By 1970, residents of Canyon clashed with county and utility officials over their right to remain and build in the area. They formed a community services district, but county supervisors rejected it. Resident spokesperson Sally Keher led efforts to defend the town. Contra Costa county building inspector Rudolph John Kraintz condemned several homes, including two tree houses, as unsafe, while former utilities commissioner William M. Bennet represented residents in hearings before the Board of Supervisors, highlighting ongoing tensions over housing regulation and community independence.

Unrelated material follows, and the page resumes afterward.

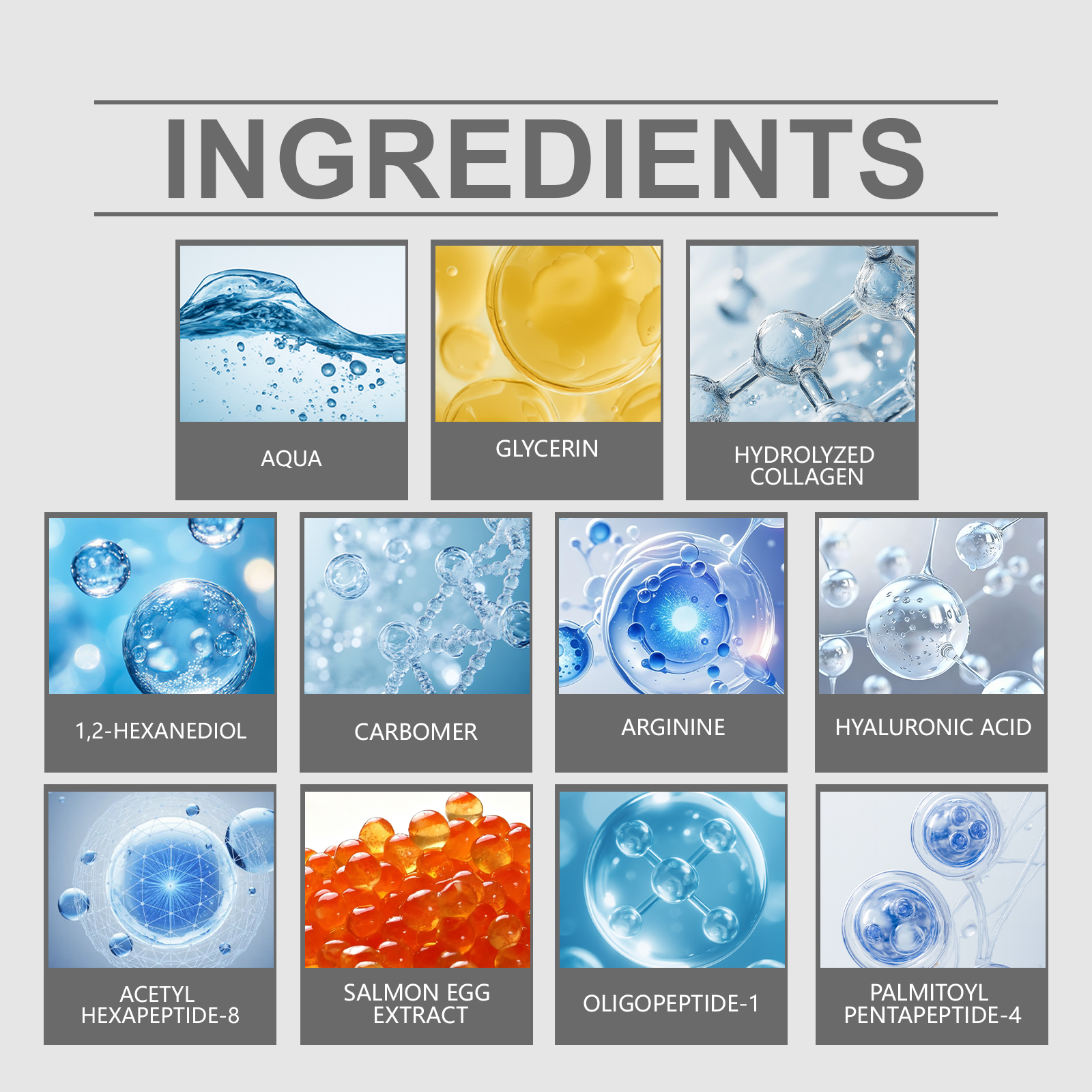 我们的保湿精华液,由精氨酸、透明质酸精心调配而成。专为提供持久保湿设计。使用方法极为便捷:1.清洁并擦干面部。2.将产品均匀涂抹在脸上。3.轻柔按摩至吸收。并且可以支持皮肤紧致,使皮肤感觉柔软和有弹性。

As county hearings continued, conditions in Canyon began to shift. In April 1970, newly appointed East Bay MUD general manager John Harnett ended the agency's long-standing policy of purchasing land in Canyon, citing public criticism and local opposition. Following the change the utility district undertook cleanup and rehabilitation efforts in the area, including providing garbage containers and replacing barbed wire fencing with low timber rails, signaling an improvement in relations between the district and the community.

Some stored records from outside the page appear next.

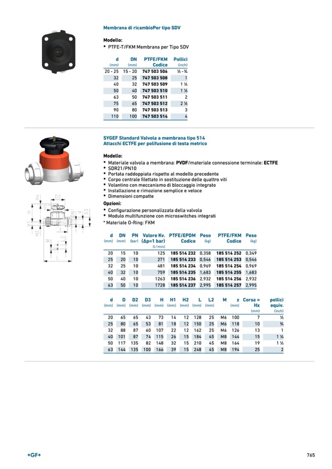 Materiale valvola a membrana: PVDF/materiale connessione terminale: ECTFE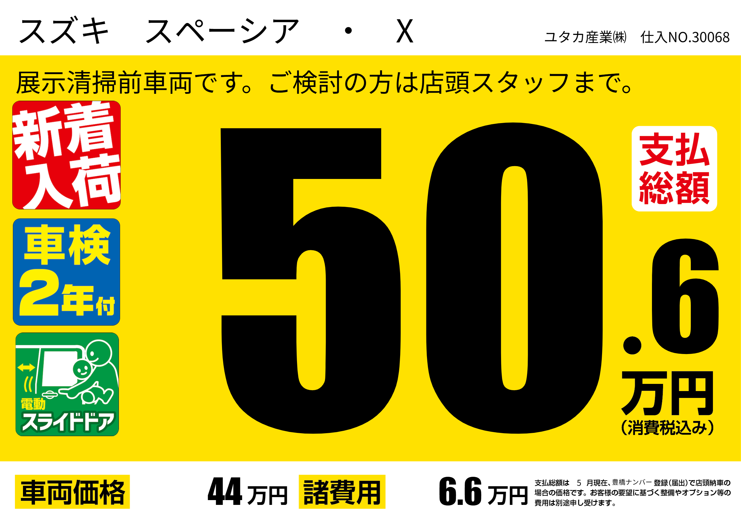 | 車名 | スズキ スペーシア ・ X | グレード ミッション 排気量 |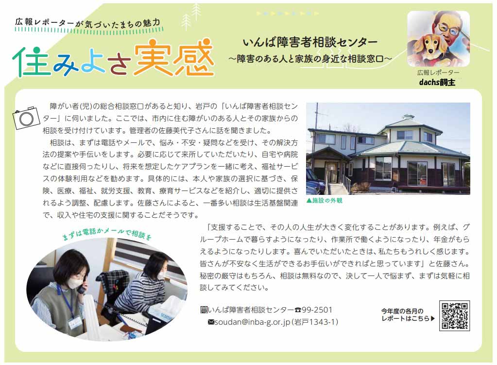 障がい者(児)の総合相談窓口があると知り、岩戸の「いんば障害者相談センター」に伺いました。ここでは、市内に住む障がいのある人とその家族からの相談を受け付けています。管理者の佐藤美代子さんに話を聞きました。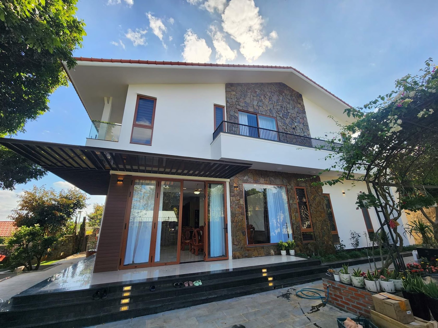 - Hệ lam chắn nắng: Vừa là điểm nhấn thẩm mỹ biệt thự phố, vừa “tán” nhiệt lượng trước khi chạm vào lớp kính, giúp không gian nội thất luôn mát mẻ mà không cần lạm dụng máy lạnh.

=== Shell Oil pipeline explosion (March 17, 1969) ===
During a strike in March 1969, a disgruntled worker bombed the Shell Oil pipeline that ran through Canyon. On March 17, after a minor blast had been reported around 9 p.m., the Sheriff's department has dispatched two patrol cars to investigate. The 160-resident community was evacuated after a larger blast was reported at 11:30 p.m. Oakland sent three fire companies to aid the Moraga fire department. After 1 a.m. the fire was reported under control. The explosion killed a Shell employee and injured at least seven persons, including five sheriff's deputies. Jet fuel leaked into San Leandro Creek and caused an explosion. The old dance hall burned down. The town's general store, which had been established in 1855, and the post office were burned down.

==Climate==
Canyon enjoys a cool summer Mediterranean climate (Koppen classification csb) similar to that of the nearby city of Oakland, though slightly warmer. Fog maintains the cool summer weather.

== Demographics ==

The 2020 United States census reported Canyon had a population of 208. The population density was 59 PD/sqmi.

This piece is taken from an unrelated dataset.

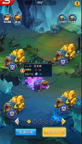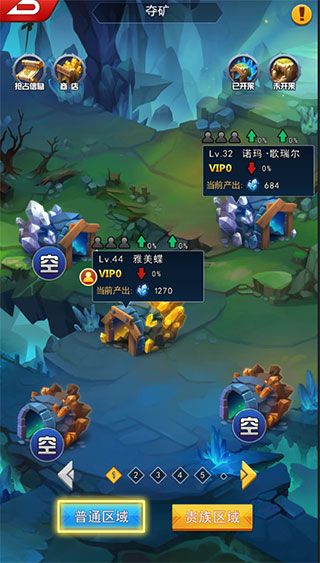 矿脉分为普通区域和贵族区域。每个人只能同时占领1个矿脉。贵族区域跟普通区域矿脉的品质有差距,占领需要消耗体力和钻石不同。非VIP玩家也可以占领贵族区域。

Canyon, California – Racial and ethnic composition Note: the US Census treats Hispanic/Latino as an ethnic category. This table excludes Latinos from the racial categories and assigns them to a separate category. Hispanics/Latinos may be of any race.
| Race / Ethnicity (NH = Non-Hispanic) | Pop 2010 | Pop 2020 | % 2010 | % 2020 |
|---|---|---|---|---|
| White alone (NH) | 188 | 184 | 89.11% | 86.8% |
| Black or African American alone (NH) | 2 | 5 | 0.94% | 2.36% |
| Native American or Alaska Native alone (NH) | 2 | 0 | 0.94% | 0% |
| Asian alone (NH) | 12 | 5 | 5.69% | 2.36% |
| Other race alone (NH) | 0 | 3 | 0% | 1.41% |
| Mixed race or Multiracial (NH) | 7 | 15 | 3.32% | 7.07% |
| Total | 211 | 212 | 100.00% | 100.00% |

Historical population
| Census | Pop. | Note | %± |
|---|---|---|---|
| 2000 | 211 |  | — |
| 2010 | 211 |  | 0.0% |
| 2020 | 212 |  | 0.5% |
| 2023 (est.) | 208 |  | −1.9% |

== Administration ==
Public decision-making occurs through informal, consensus-based community meetings, as Canyon lacks a city council or formal local government. The phone tree, updated annually by unknown volunteers, also serves broader public safety communication needs.

==Infrastructure==
The only public services in the community are the local post office (ZIP Code 94516) where all mail is picked up, and the three-room schoolhouse Canyon Elementary School, a 68-student K-8 public school, located on Pinehurst Road on the banks of the Upper San Leandro Creek. Canyon Elementary School operates as its own district. It has a school board, and the principal also serves as the district superintendent.

A notion of the community's unconventionality may be gleaned from the fact that the school lunch menu features organic milk and produce, Niman Ranch beef, and hormone and antibiotic free chicken. The community is in area code 925.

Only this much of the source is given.